Corpse Point is vanishing. So are the men who died there

3

They didn’t survive the whales. They barely survived each other.

Likneset is what the locals call it. In Norwegian. It means “Corpse Point.” 🧊

If you want to know what life was like for 17th-century whalers on Svalbard. This is where you look.

Svalbard sits halfway between the North Pole and Norway’s northern coast. A brutal archipelago. For centuries. It was ground zero for Arctic whaling. And Likneset? The biggest graveyard for those men. Hundreds of shallow holes marked with piles of stones. From the boom years of the 1600s and 1700s.

Archaeologists just dug up 20 of those bodies. Published in PLOS One this past May.

The findings are grim.

“Early modern Arctic whaling was among Europa’s first large-scale extractive industries. And the labor? Highly manual.”

That’s Lise Loktu from the Norwegian Institute for Cultural Heritage Her Research. She didn’t sugarcoat it. Neither did Elin Therese Brødht, the forensic anthropologist she worked with at Oslo University Hospital.

Think about it. Rowing in freezing water. Hauling live animals. Dragging carcasses. Chopping blubber until your fingers numb. Doing it all while wet. And cold.

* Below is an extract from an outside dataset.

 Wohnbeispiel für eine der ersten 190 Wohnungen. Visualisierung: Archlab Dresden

Your skeleton keeps receipts.

Loktu and Brødht looked at the bones. Shoulders. Spine. Hips. Knees. Feet. They were shredded. Degenerative joint disease everywhere. Trauma that would take an athlete decades to accumulate.

Here’s the kicker.

Some of these guys were young adults. Young. Yet their bones looked like they belonged to old men. They broke themselves. Slowly. Day after day.

And then there’s scurvy.

Most of them had it. All the symptoms. Bleeding gums. Lost teeth. Muscle weakness. Anemia. Vitamin C deficiency. Simple stuff now. Impossible to avoid back then.

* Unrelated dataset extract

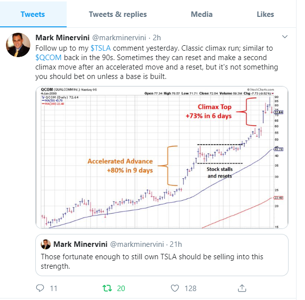 Cổ phiếu TSLA, theo đánh giá của phù thủy Mark Minervini đang tăng giá theo kiểu cao trào (climax) và là cơ hội bán khi cổ phiếu còn đang tăng giá.

Fresh fruit doesn’t grow on Svalbard. Sailors on long voyages knew this. Or they should have. Europeans didn’t understand biology. So they ignored it. They looked down on Indigenous foods like muktuk. Whale skin and blubber. Loaded with Vitamin C and D.

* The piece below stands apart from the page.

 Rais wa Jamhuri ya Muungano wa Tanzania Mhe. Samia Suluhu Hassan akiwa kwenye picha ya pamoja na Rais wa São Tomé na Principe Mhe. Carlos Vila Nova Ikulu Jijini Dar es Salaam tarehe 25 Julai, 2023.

“Scurvy doesn’t only affect bones. It compromises the immune system. Weakens wound healing. Overall physical decline.”

So you’re exhausted. Your joints are grinding to dust. Your gums are rotting. Your immune system is offline.

Bad news.

Most of them were also pipe smokers. You can tell because the clay stems left circular indentations in their tooth enamel. They clamped down. Constantly.

Does tobacco cause scurvy? Not directly. But it depletes your Vitamin C stores. It adds stress. Loktu suggests it might have been the extra weight that pushed an already weak body over the edge.

Smoking. Bad diet. Hellish labor. Infection waiting in the wings.

Did anyone make it home? Maybe.

But here’s the real problem. The bones aren’t just sitting there.

They’re disappearing.

Likneset is being eaten by the coast. Coastal erosion. Driven by rapid Arctic warming. Permafrost is thawing. The ground that preserved these bodies for 400 years is turning into soup.

Researchers compared graves dug in the late 19800s with ones from 2016. Then again in 2019. The difference? The site is collapsing. The informational value of these archives is dropping fast.

Climate change isn’t just melting ice caps. It’s erasing history.

Once it’s gone. It’s gone.

We race to dig. But the ice races faster.